Press Release by the Minister for Justice, Equality and Defence

Mr. Alan Shatter T.D.

20 November 2012

The Minister for Defence has accepted the recommendations of A Value for Money (VFM) Review of the Reserve Defence Force The Reserve Defence Force is comprised of the First Line Reserve, the Army Reserve (formerly an FCÁ) and the Naval Service Reserve (formerly an Slua Muirí).. The Minister has also accepted the proposed re-organisation of the Reserve Defence Force (RDF) arising in response to the VFM Review.

The Minister said: “The measures announced today set out a clear, realistic and viable direction for the future of the Reserve. A “Single Force” concept is at the heart of the new organisation. Permanent and Reserve Units will have closer working relations with Permanent Defence Force Units now having dedicated Reserve components, This will facilitate more effective training and improve capability into the future. Reservists will also have more opportunities to give practical assistance, in a voluntary unpaid capacity. Consolidation in a smaller number of locations has facilitated the retention of a countrywide presence. While the closure of many RDF locations is regrettable, the findings of the VFM and the reality of the resources available demanded reform. The Government values and appreciates the voluntary service of active members of the Reserve. The steps now being taken aim to ensure a viable Reserve that is appropriate for our requirements.

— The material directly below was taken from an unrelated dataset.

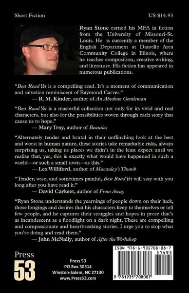 John McNally, author of After the Workshop, says of Best Road Yet, "Ryan Stone understands the yearnings of people down on their luck, those longings and desires that his characters keep to themselves or tell few people, and he captures their struggles and hopes in prose that's as incandescent as a floodlight on a dark night. These are compelling and compassionate and heartbreaking stories. I urge you to stop what you're doing and read them." And Mary Troy, author of Beauties, says, "Ryan Stone gives us a fast-paced tour of the hearts and minds of men who do not belong in their own lives, and who, though they know it, remain surprised by that knowledge. Best Road Yet is a masterful collection not only for its vivid and real characters, but also for the possibilities woven through each story that cause us to hope-as the characters' decisions and lack of decisions lead them along-each new road will be the best one yet."

Commenting on the recommendations of the report, Lieutenant General Sean Mc Cann Chief of Staff said:

“I am acutely aware of the key strengths of the Reserve Defence Forces and the exceptional calibre and dedication of its members. Their contribution in terms of community volunteerism and military support to the State is significant. In order to guarantee the future viability of the Reserve, a radical and fundamental re-organisation is required in line with what is being implemented for the Permanent Defence Forces. When fully implemented, this plan will deliver a more effective Force who’s Permanent Soldiers are supported as appropriate by a credible and fit for purpose Reserve, as a single force.”

Note for Editors:

The VFM Review of the Reserve Defence Force was undertaken by an independently chaired Steering Committee comprised of representatives from the Department of Defence, the Defence Forces, and the Department of Public Expenditure and Reform. The full text of the Value for Money Review of the Reserve Defence Force can be viewed on the Department of Defence website

Revised organisational structures for the Army Reserve and Naval Service Reserve were prepared by a joint Civil-Military Group that had previously prepared the re-organisation proposals for the Permanent Defence Force. These were agreed by the Secretary General and Chief of Staff and approved by the Minister for Defence.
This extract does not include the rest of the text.